THE PROBLEM
What are the lines, word for word, from the line with "ຄຳອະທິບາຍເນື້ອຫາ: a group" up to and including the line with "算数で「いろいろなかたち」の" in the records below? Omit the pictures.

LISTED ENTRIES
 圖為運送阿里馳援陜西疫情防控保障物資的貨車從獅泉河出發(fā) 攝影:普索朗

...

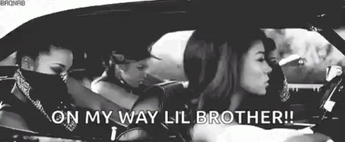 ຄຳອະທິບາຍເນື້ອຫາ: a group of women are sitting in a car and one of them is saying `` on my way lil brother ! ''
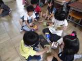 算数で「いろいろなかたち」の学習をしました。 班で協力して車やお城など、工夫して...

TASK RESULT
 ຄຳອະທິບາຍເນື້ອຫາ: a group of women are sitting in a car and one of them is saying `` on my way lil brother ! ''
 算数で「いろいろなかたち」の学習をしました。 班で協力して車やお城など、工夫して...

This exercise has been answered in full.